Task to carry out ▸ Output every record word for word, minus the pictures.

START Source material

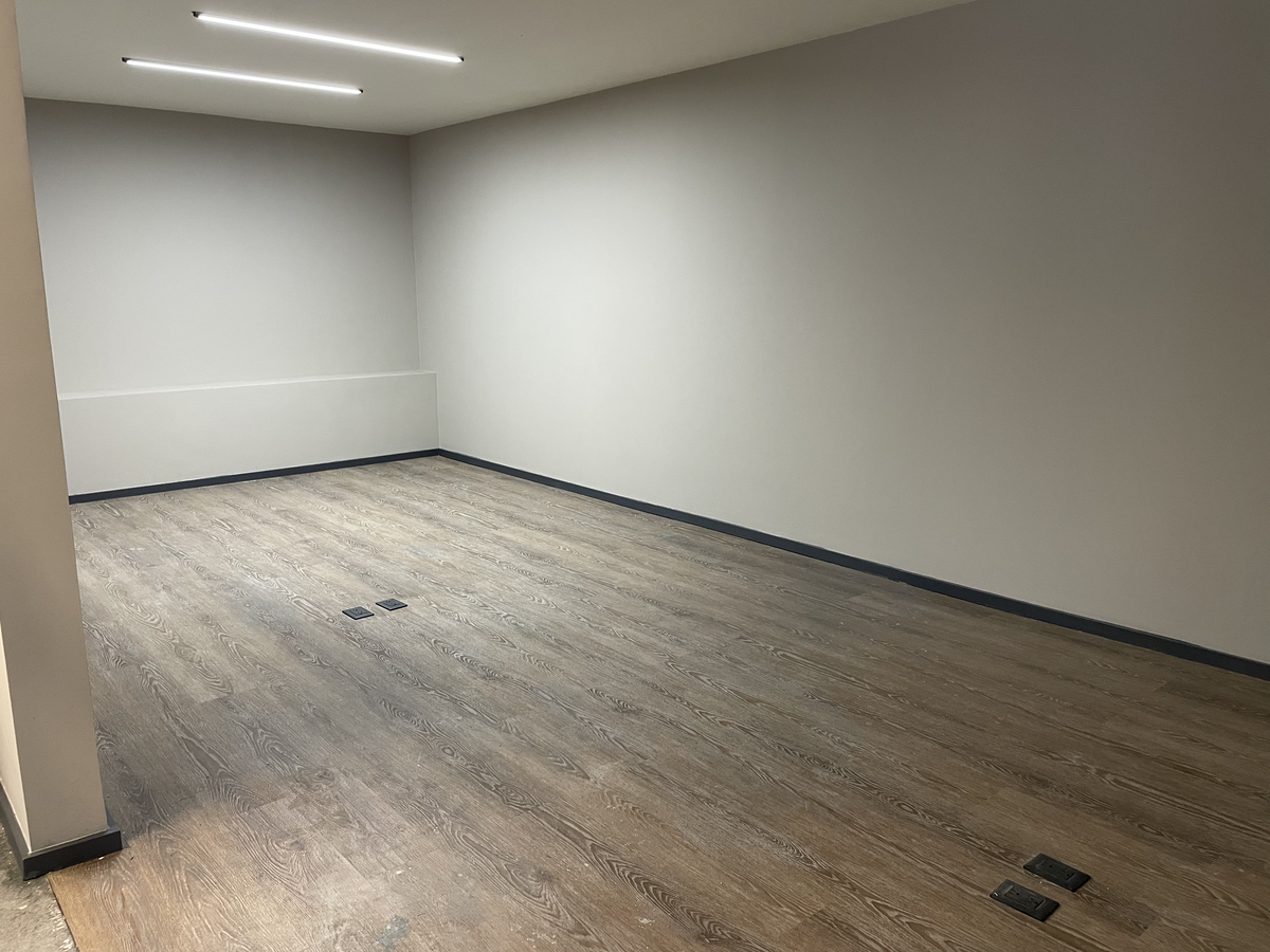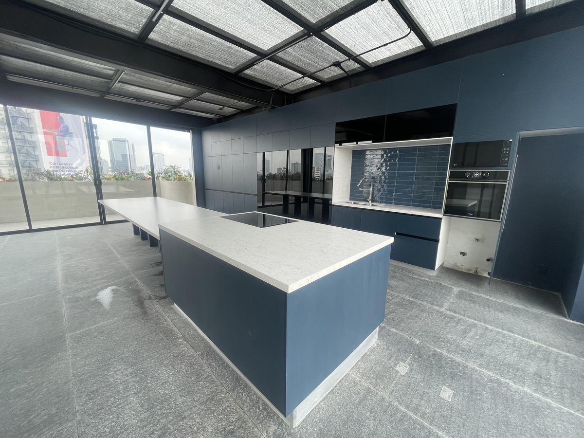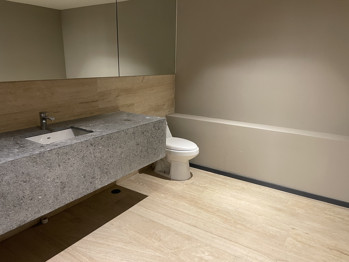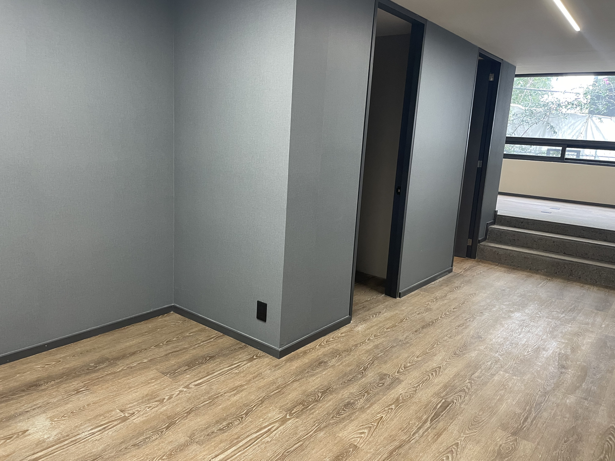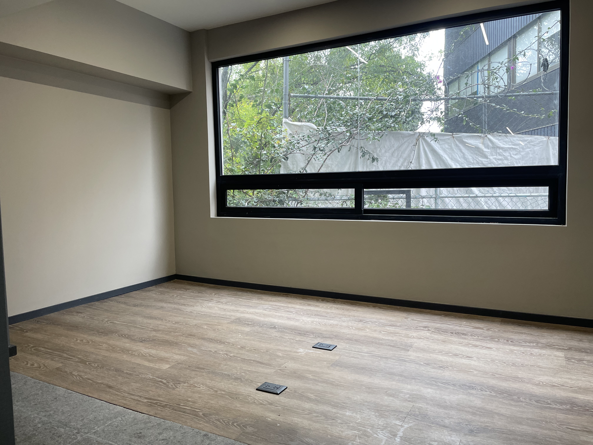 Estudio con buena iluminación, es exterior, cuenta con cocina integral, estufa eléctrica y tarja. Pisos laminados, azulejos en paredes de baños y piso de mármol, puerta de vidrio templado. Mármol gris en lavabo.
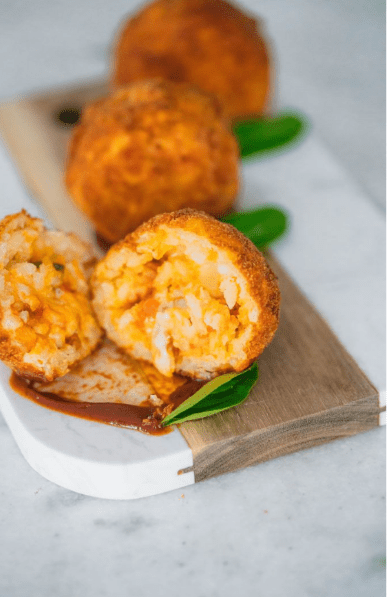 Em seguida, feche o arroz ao redor do recheio, cubra com mais arroz e forme uma bolinha.
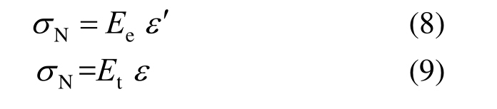 其中:ε为B点截面的总轴向应变;ε′为弹性轴向应变;ε′为损伤轴向应变。
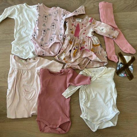 Hyväkuntoisia. Sisältää merkkituotteitakin, mukavia asukokonaisuuksia. 12 bodya, 6 housut, 2 yöpukua, 1 pusero, 4 lakkia, 2 sukat
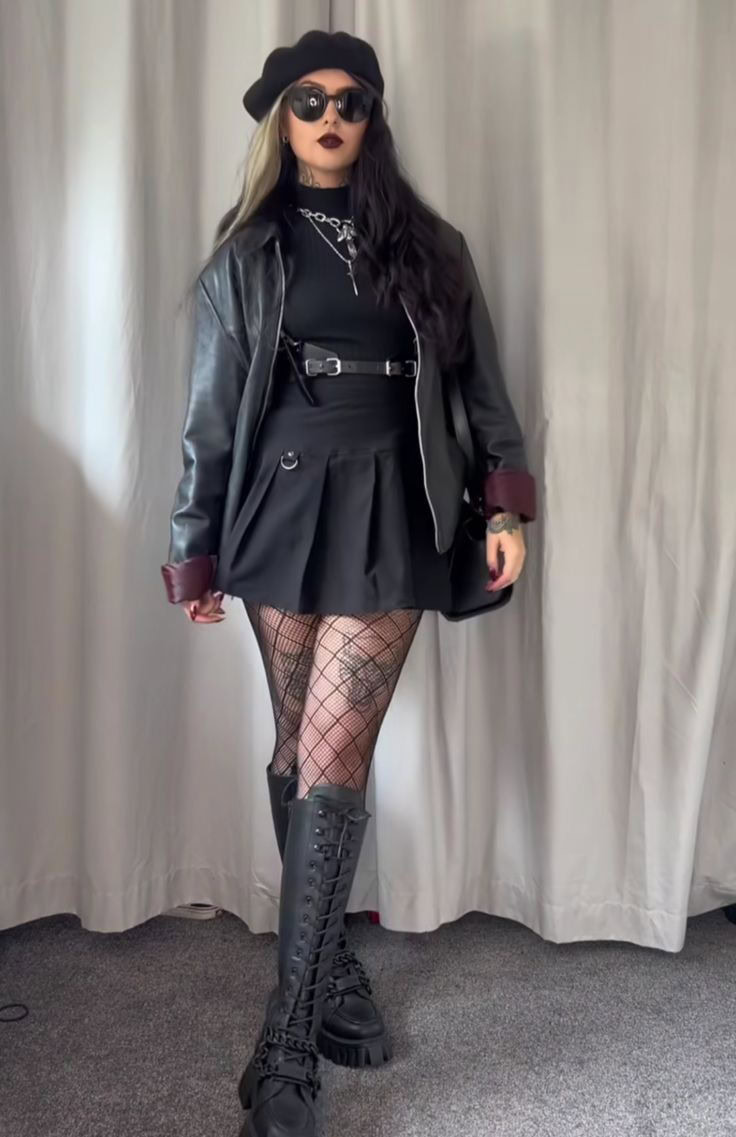 This bold alt winter look combines a sleek black leather jacket with a pleated mini skirt and statement fishnet tights-a timeless goth-inspired ensemble that”s perfect for cold weather while maintaining an edgy aesthetic. The oversized dark sunglasses, beret, and chunky lace-up boots complete the moody vibe, while layering a chain necklace adds extra edge.

END Source material

Response to this exercise ▸
 Estudio con buena iluminación, es exterior, cuenta con cocina integral, estufa eléctrica y tarja. Pisos laminados, azulejos en paredes de baños y piso de mármol, puerta de vidrio templado. Mármol gris en lavabo.
 Em seguida, feche o arroz ao redor do recheio, cubra com mais arroz e forme uma bolinha.
 其中:ε为B点截面的总轴向应变;ε′为弹性轴向应变;ε′为损伤轴向应变。
 Hyväkuntoisia. Sisältää merkkituotteitakin, mukavia asukokonaisuuksia. 12 bodya, 6 housut, 2 yöpukua, 1 pusero, 4 lakkia, 2 sukat
 This bold alt winter look combines a sleek black leather jacket with a pleated mini skirt and statement fishnet tights-a timeless goth-inspired ensemble that”s perfect for cold weather while maintaining an edgy aesthetic. The oversized dark sunglasses, beret, and chunky lace-up boots complete the moody vibe, while layering a chain necklace adds extra edge.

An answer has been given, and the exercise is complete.